◆ **Exercise objective**: An exact transcription is needed of the lines below from the one with "Styckning och skinnberedning" through the one with "- Since the", with no other lines and no pictures.
[Records for the exercise Boundary: Start]
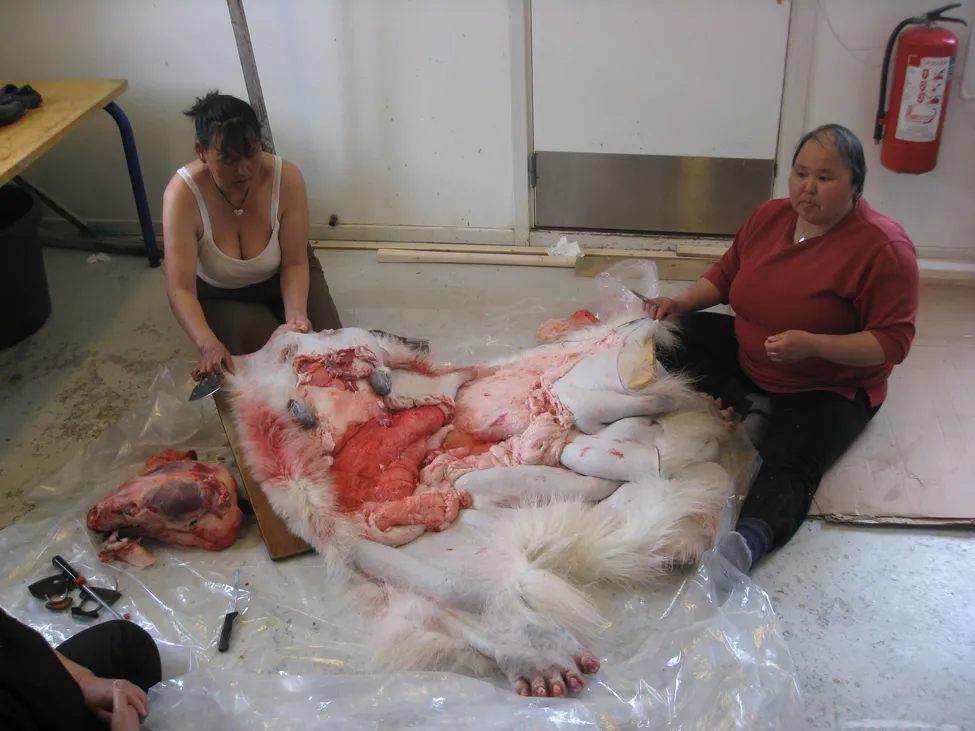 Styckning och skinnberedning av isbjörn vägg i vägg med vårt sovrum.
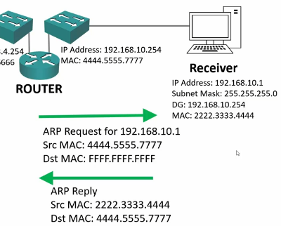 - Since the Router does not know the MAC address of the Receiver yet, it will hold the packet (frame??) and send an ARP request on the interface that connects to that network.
[Records for the exercise Boundary: End]
[Records for the exercise Boundary: Start]
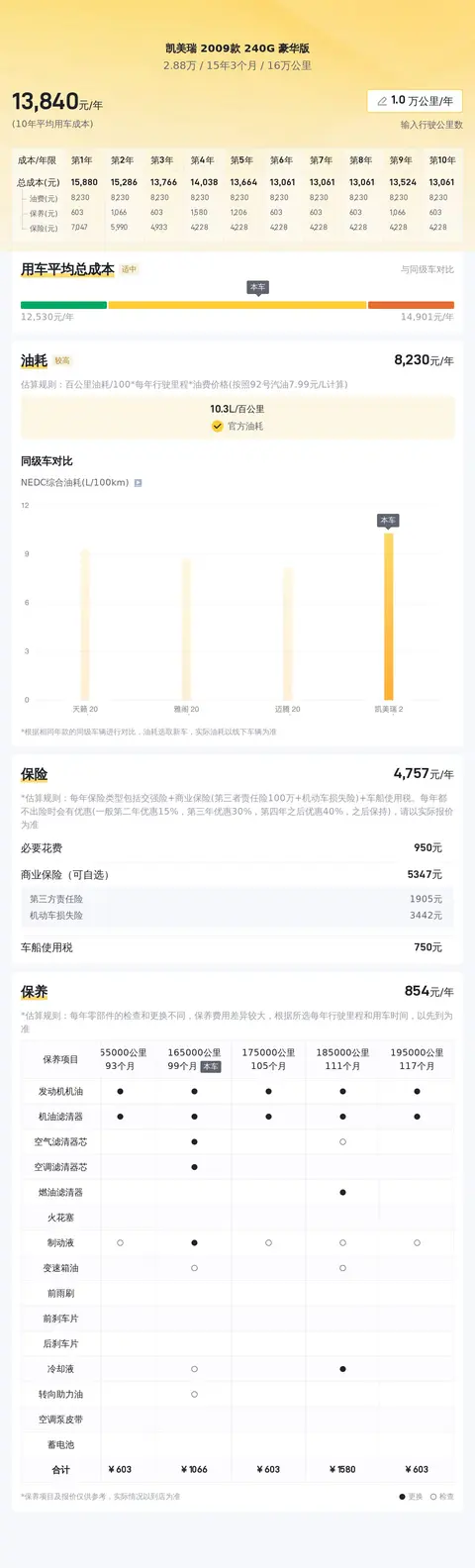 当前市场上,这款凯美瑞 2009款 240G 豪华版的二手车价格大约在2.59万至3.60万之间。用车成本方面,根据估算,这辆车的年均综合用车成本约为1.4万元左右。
[Records for the exercise Boundary: End]
[Records for the exercise Boundary: Start]
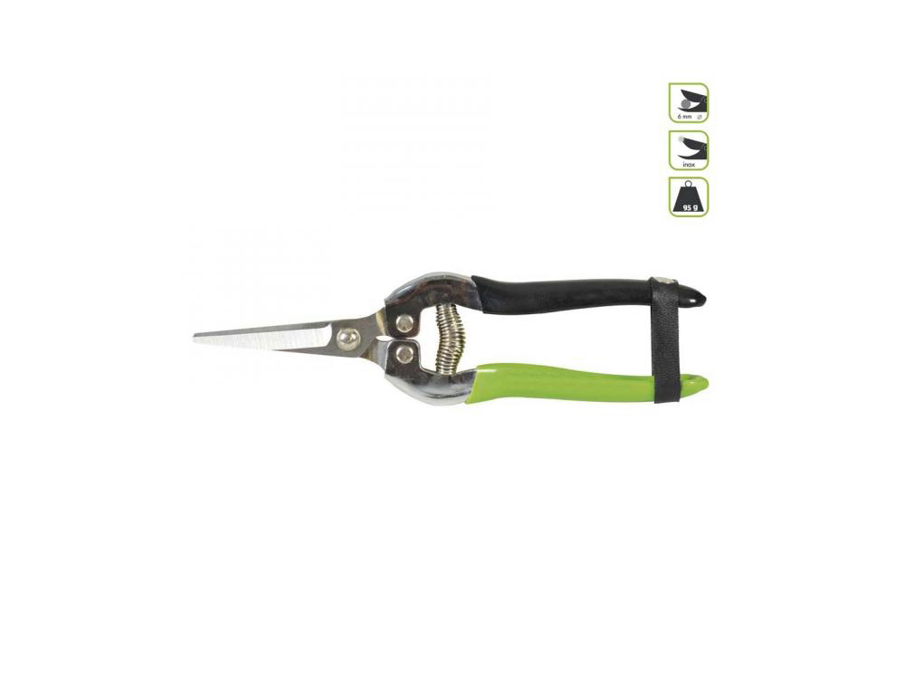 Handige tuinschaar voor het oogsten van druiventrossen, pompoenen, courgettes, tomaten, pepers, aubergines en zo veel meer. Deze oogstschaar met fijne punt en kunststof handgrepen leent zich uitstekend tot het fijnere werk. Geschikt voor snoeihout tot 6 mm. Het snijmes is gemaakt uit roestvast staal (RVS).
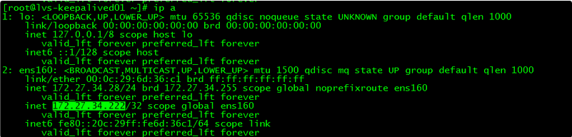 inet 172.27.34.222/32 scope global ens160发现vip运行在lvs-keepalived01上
[Records for the exercise Boundary: End]
◆ **Output below**:
 Styckning och skinnberedning av isbjörn vägg i vägg med vårt sovrum.
 - Since the Router does not know the MAC address of the Receiver yet, it will hold the packet (frame??) and send an ARP request on the interface that connects to that network.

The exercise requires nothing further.